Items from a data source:
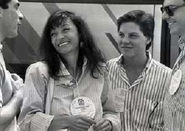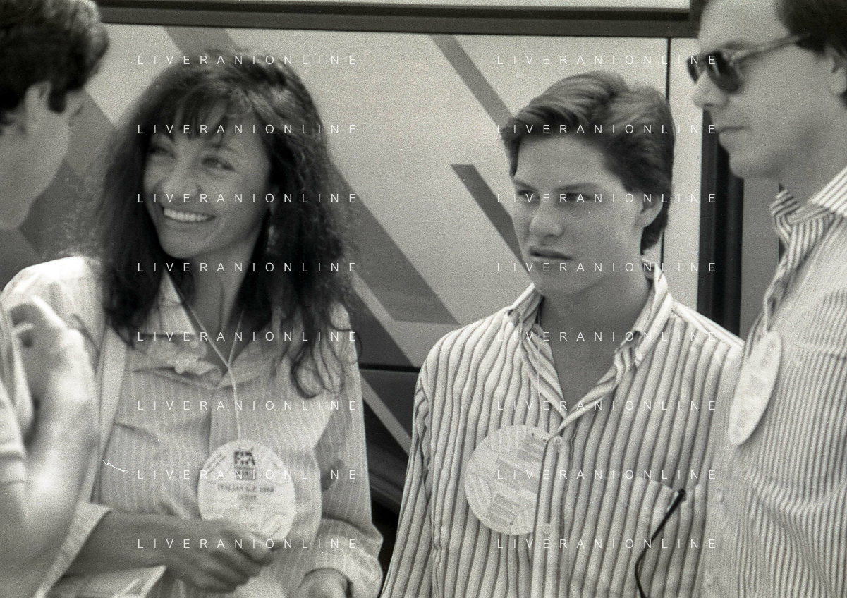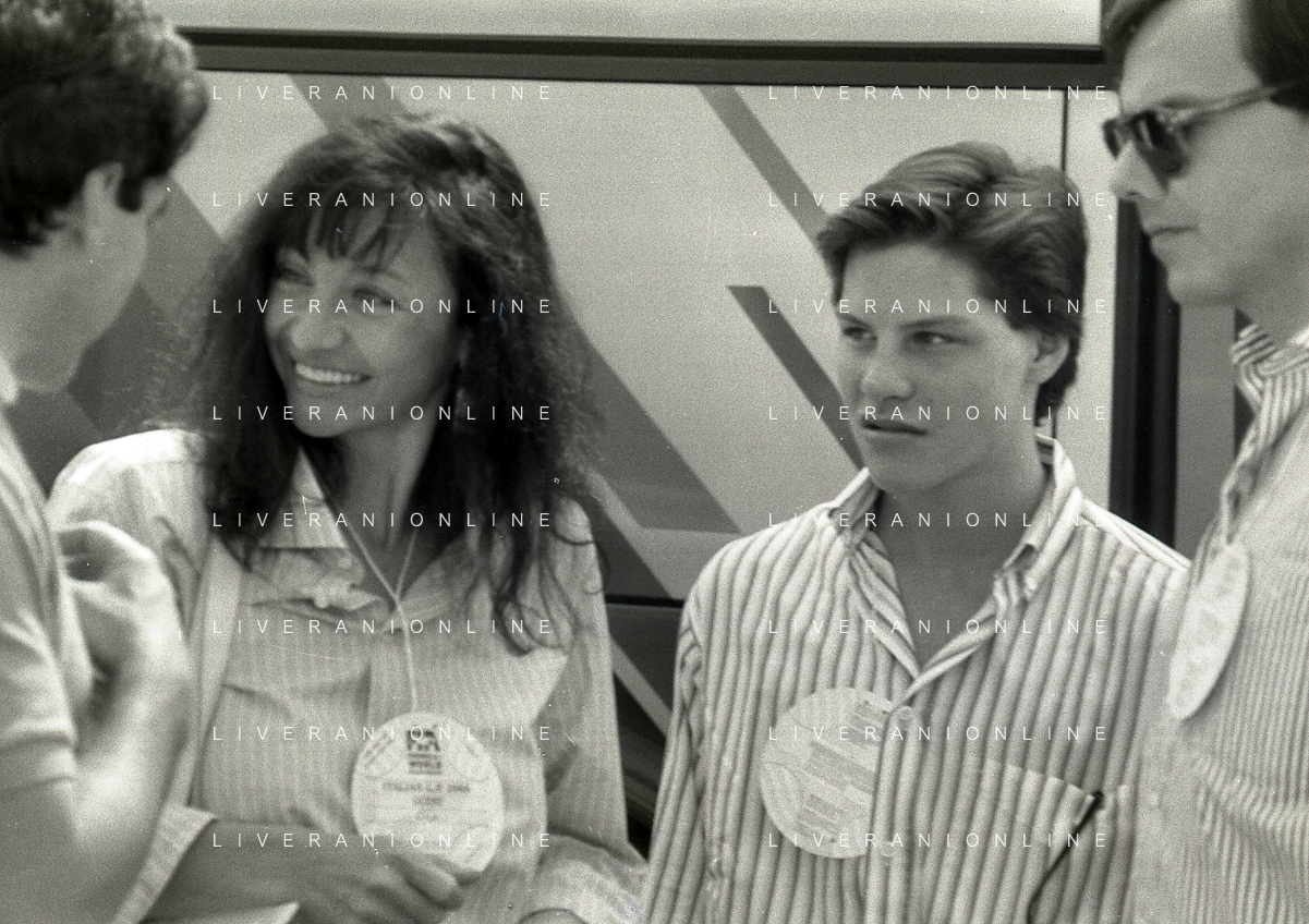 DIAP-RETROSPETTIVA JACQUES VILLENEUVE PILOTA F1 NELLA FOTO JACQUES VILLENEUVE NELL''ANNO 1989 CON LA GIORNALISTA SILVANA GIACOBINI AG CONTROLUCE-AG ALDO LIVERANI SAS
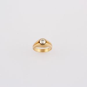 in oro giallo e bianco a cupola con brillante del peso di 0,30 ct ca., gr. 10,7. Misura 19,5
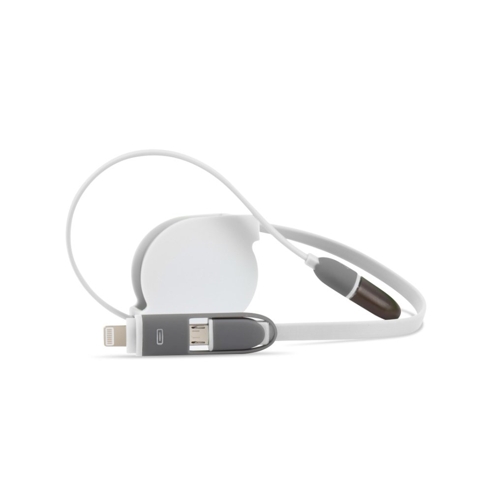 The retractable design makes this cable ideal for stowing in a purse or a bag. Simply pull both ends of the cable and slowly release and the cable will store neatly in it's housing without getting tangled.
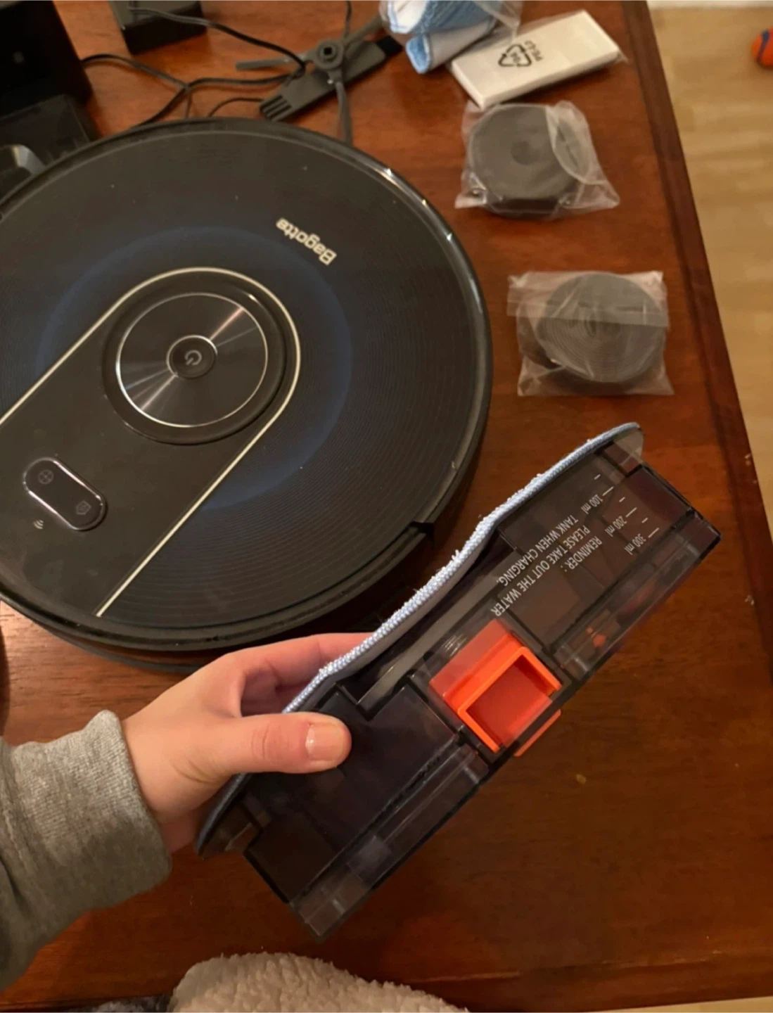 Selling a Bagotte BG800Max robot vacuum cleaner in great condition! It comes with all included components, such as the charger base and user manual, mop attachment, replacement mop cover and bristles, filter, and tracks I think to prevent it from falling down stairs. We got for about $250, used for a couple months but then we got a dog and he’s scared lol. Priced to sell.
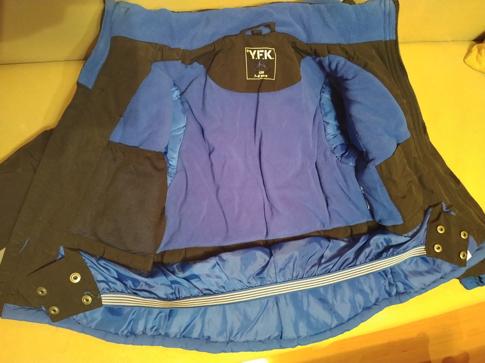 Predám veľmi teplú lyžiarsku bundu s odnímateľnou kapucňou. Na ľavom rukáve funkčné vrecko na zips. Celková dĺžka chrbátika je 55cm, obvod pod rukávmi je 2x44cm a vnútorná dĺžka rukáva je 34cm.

◆ What you should do
Within the entries above, give again exactly the lines starting at the one that contains "The retractable design" and ending at the one that contains "Selling a Bagotte", leaving out the pictures.

◆ Answer box
 The retractable design makes this cable ideal for stowing in a purse or a bag. Simply pull both ends of the cable and slowly release and the cable will store neatly in it's housing without getting tangled.
 Selling a Bagotte BG800Max robot vacuum cleaner in great condition! It comes with all included components, such as the charger base and user manual, mop attachment, replacement mop cover and bristles, filter, and tracks I think to prevent it from falling down stairs. We got for about $250, used for a couple months but then we got a dog and he’s scared lol. Priced to sell.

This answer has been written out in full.